Each callable carries two arrays:

{
crud_operations: JCRUDOperation[] // persistence operations (persist/find/merge/remove, ...)
crud_queries: JCRUDQuery[] // query definitions (createQuery / createNamedQuery)
}
{
line_number: number
operation_type: "CREATE" | "READ" | "UPDATE" | "DELETE"
target_table: string // reserved — not yet populated
involved_columns: string[] // reserved — not yet populated
condition: string // reserved — not yet populated
joined_tables: string[] // reserved — not yet populated
}

For JPA, calls on the EntityManager and on query objects map to operation types:

Operation typeDetected from
CREATEEntityManager.persist(...)
READEntityManager.find(...); query execution getResultList(), getSingleResult(), getFirstResult(), getMaxResults()
UPDATEEntityManager.merge(...); query executeUpdate()
DELETEEntityManager.remove(...)

Query definitions (as opposed to executions) are captured separately:

{
line_number: number
query_arguments: string[] // the query string and any parameters
query_type: "READ" | "WRITE" | "NAMED"
}

These come from EntityManager.createQuery(String) and EntityManager.createNamedQuery(String). The query_type is inferred from the query text:

query_typeInferred when
READthe query string begins with select
WRITEthe query string begins with update, delete, or insert
NAMEDthe query was created via createNamedQuery(...)
  • JPA / Jakarta Persistence — implemented as described above.
  • Spring Data — finder present but stubbed; repository-derived queries are not yet classified.
  • JDBC — finder present but stubbed; raw Statement / PreparedStatement calls are not yet classified.
  • The target_table, involved_columns, condition, and joined_tables fields on JCRUDOperation are reserved for future enrichment and are not populated yet.
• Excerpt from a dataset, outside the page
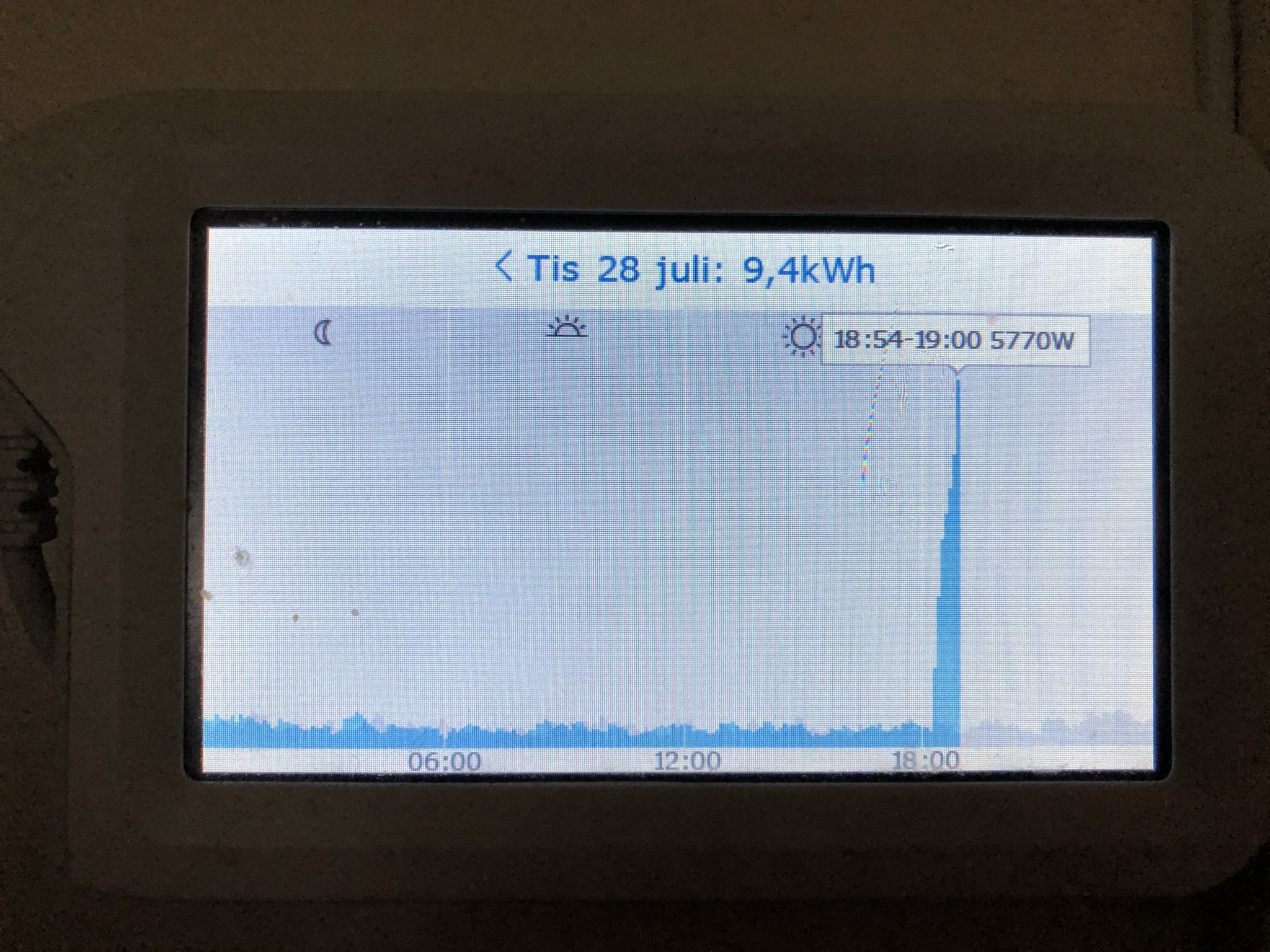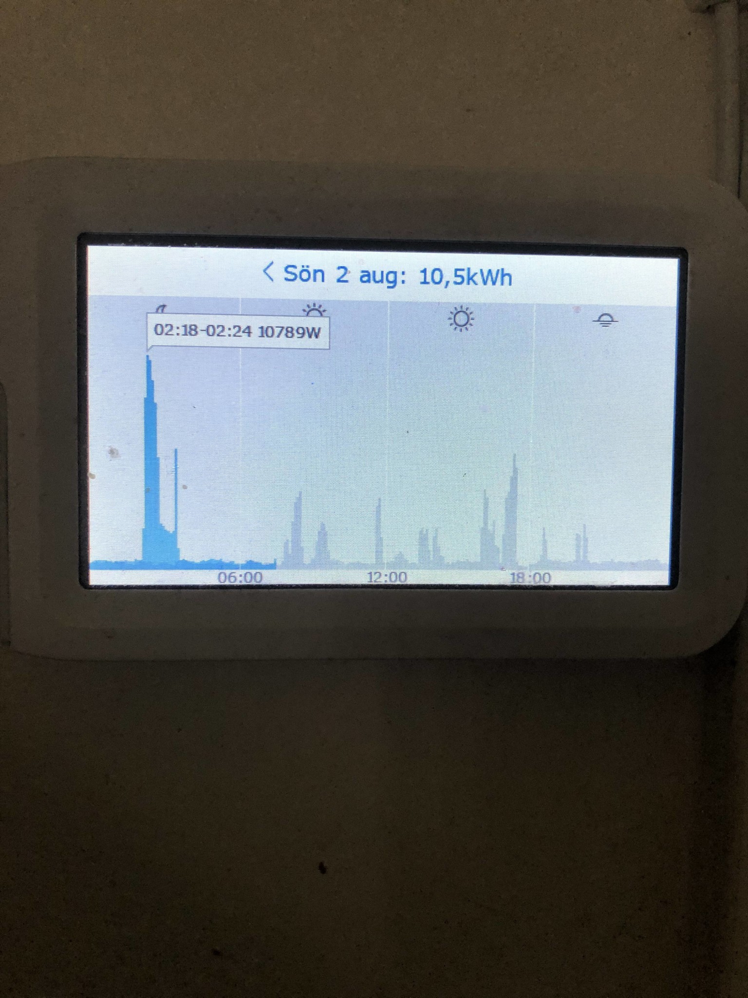 Jag har tyckt att varje gång kompressorn i bergvärmepumpen går så visar Sparsnäs orimligt hög effekt (har haft den ett tag så jag vet att ”baslasten” är mellan 300-500W för huset.) Bifogar två extremfall som jag har dokumenterat.

When you project the analysis with --emit neo4j, CRUD detection is not flattened into the callable — it becomes first-class graph structure. Each detected operation is a :JCrudOperation node and each query a :JCrudQuery node, hung off its owning :JCallable or :JCallSite:

(:JCallable | :JCallSite)-[:J_HAS_CRUD_OPERATION]->(:JCrudOperation)
(:JCallable | :JCallSite)-[:J_HAS_CRUD_QUERY]->(:JCrudQuery)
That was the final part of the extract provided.